Artikel 12

Oppassers 1. De afzender moet er voor zorg dragen, dat een aantal terzake kundige, zo mogelijk bevaren oppassers, die belast zijn met de verzorging van de dieren gedurende de reis aan boord zijn en wel voor paarden en voor rundvee ten minste één op dertig stuks, voor varkens, schapen en geiten ten minste één op honderd stuks.

2. Indien geen volle aantallen, als in lid 1 genoemd, of veelvouden daarvan worden vervoerd, mag één oppasser met de verzorging van ten hoogste 35 paarden of stuks rundvee worden belast, dan wel met de verzorging van ten hoogste 120 varkens, schapen of geiten.

3. (a) Bij een transport van ten minste 150 stuks paarden of rundvee moet de afzender tevens een ploegbaas medegeven, die verantwoordelijk is voor de wijze, waarop de oppassers hun taak uitoefenen en voor de goede verzorging van de dieren in het algemeen.

(b) Bij een transport van minder dan 150 stuks paarden of rundvee moet de afzender één der oppassers aanwijzen, die naast zijn taak bij de verzorging van de dieren ook met de functie van ploegbaas is belast.

4. Bij het vervoer van melkkoeien en verse koeien moet op elke 15 koeien een vakbekwame melker aanwezig zijn.

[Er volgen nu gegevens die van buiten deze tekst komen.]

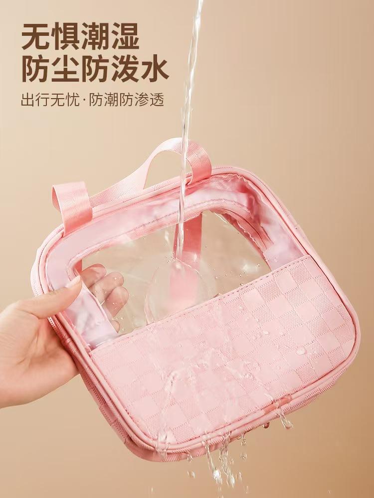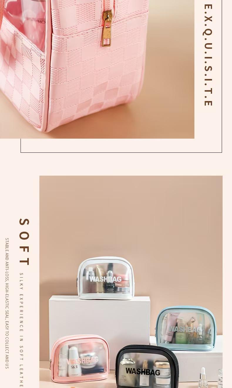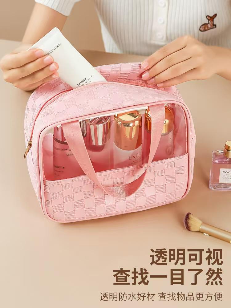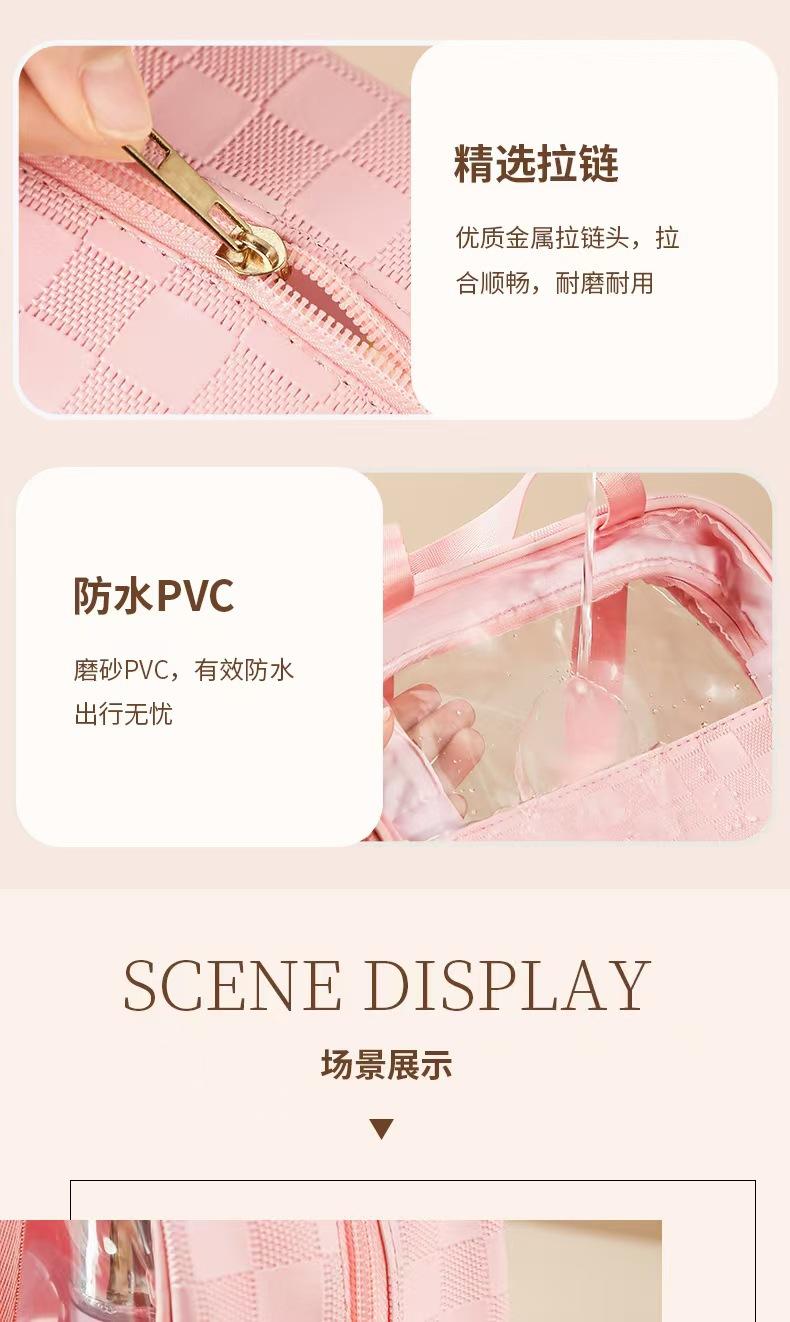 Set de Tres Piezas de Bolsa de Cosméticos Transparente de Alto Valor Gran Capacidad Bolsa de Aseo de Viaje Bolsa Organizadora de Cosméticos a Cuadros PVC

Bij het vervoer van drachtig rundvee moeten onder de oppassers steeds enige vakbekwame melkers aanwezig zijn.

5. Indien een zending dieren bestaat uit ten hoogste 5 paarden of 10 stuks rundvee of 15 varkens of 30 schapen of geiten, kan de verzorging, in afwijking van het hierboven bepaalde, worden opgedragen aan leden van de bemanning van het schip, wanneer zulks naar het oordeel van de kapitein geen bezwaar oplevert.

6. De verzorging van dieren, waarvan verwacht kan worden, dat zij tijdens de reis zullen werpen, valt nimmer onder de afwijking in lid 5 bedoeld.

7. De oppassers mogen niet in de stalruimten worden gehuisvest. Hun zal huisvesting en voeding worden verstrekt door de vervoerder onder de voorwaarden, overeengekomen tussen de afzender en de vervoerder.

Artikel 13

Reiniging en ontsmetting Alle afdelingen van het schip, bestemd voor het vervoer van dieren, moeten vóór de inscheping grondig worden schoongemaakt en ontsmet ten genoegen van het Hoofd van de Scheepvaartinspectie. Tijdens de reis moeten alle stallen, waarin dieren worden vervoerd, geregeld worden gereinigd. In de tropen moeten de stallen ten minste tweemaal per etmaal worden gereinigd.